Большое значение для уточнения диагноза при подозрении на рак простаты имеют УЗИ и МРТ (даже без ректальной катушки). КТ – не очень подходящее исследование для этой цели: образование размером 3-4 мм не всегда можно увидеть, даже если вводить контрастное вещество. А вот МРТ позволяет в сомнительных случаях по характеру накопления (чаще в периферической части простаты) и выведения контрастного препарата увидеть и дифференцировать опухоль предстательной железы очень малых размеров (3 мм). Дальнейшая тактика – пункция под контролем УЗИ. Если этот метод неинформативен, то хирург оперирует в той области, которую указывает рентгенолог после проведения МРТ.
Ранняя диагностика рака легкого – более сложная задача. С чем это связано? Сейчас существуют программы малодозовой ранней диагностики одиночных солидных образований в легких. Это исследование можно делать каждый год, даже у человека, у которого потом рака легкого не окажется. Допустим, аппарат выявляет какое-то объемное образование, и врач говорит пациенту, что у него есть подозрение на наличие злокачественной опухоли. Пациент начинает нервничать. Но, по статистике, в дальнейшем у одного пациента из десяти может подтвердиться рак легкого, а 90% этих людей переживают зря. После таких исследований за рубежом были большие скандалы. Некоторые из этих людей бросали работу, меняли привычный для них образ жизни, а когда через 2-3 года диагноз не подтверждался, они, негодуя, подавали на врача в суд. Таким образом, на практике ранняя диагностика рака легкого методом рентгеновской КТ довольно сложна в плане ответственности врача и организации этих исследований.
– Всегда ли при КТ и МРТ необходимо проводить исследование с контрастированием?

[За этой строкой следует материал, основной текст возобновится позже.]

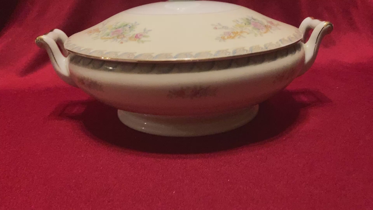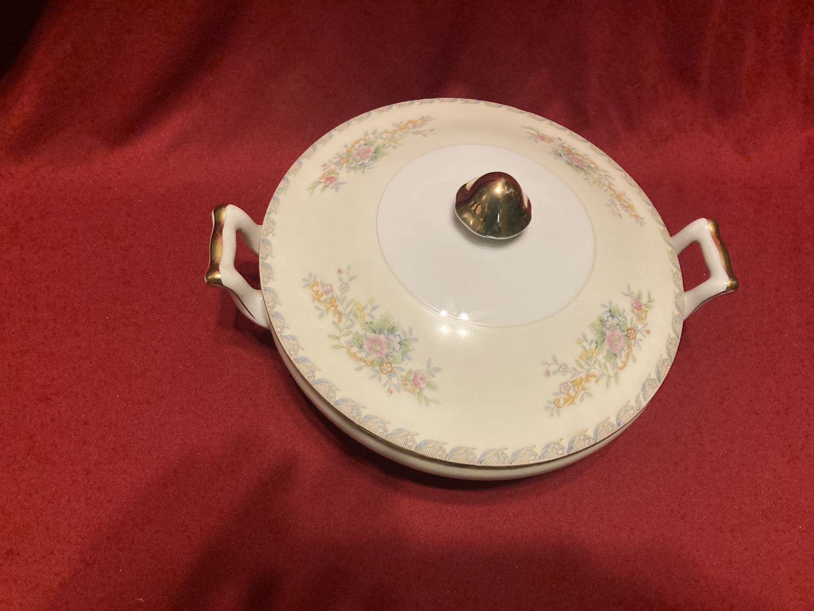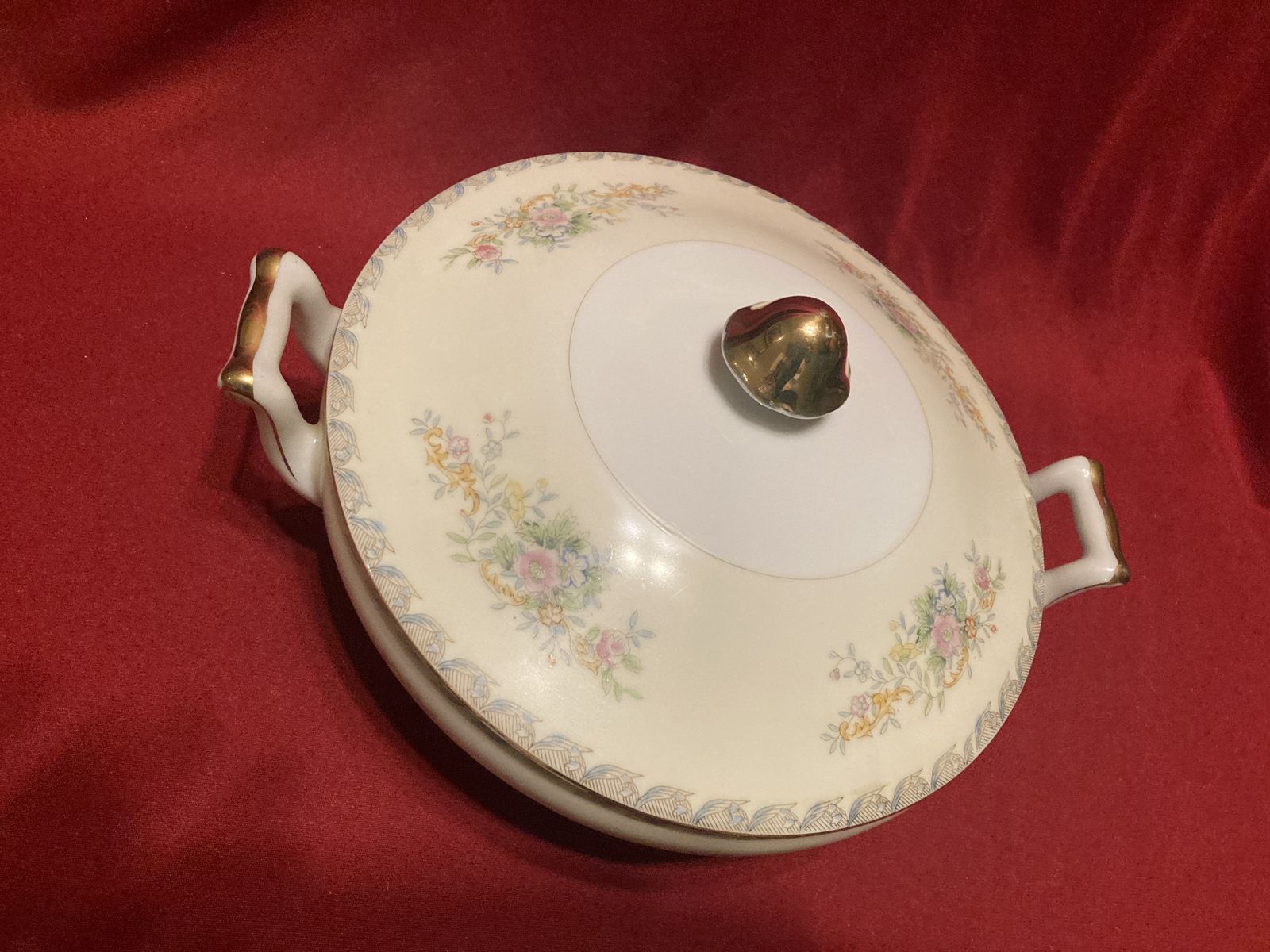 Hello I have a Vintage Gold China Vegetable Serving Bowl With Lid Very Nice Classy Vintage Style With Floral Design

– Нужно начинать с нативного исследования, а если есть показания, то делать контрастирование. При раке молочной железы мы проводим МРТ с контрастированием в том случае, если нет твердой уверенности. Иногда при подозрении на наличие опухоли головного мозга выполняется исследование сразу с контрастированием. Специалист видит накопление контраста, описывает размеры образования. А через месяц пациенту становится лучше, и при повторном исследовании врач понимает, что там было небольшое кровоизлияние, изображение которого на «картинке» очень напоминало злокачественное образование.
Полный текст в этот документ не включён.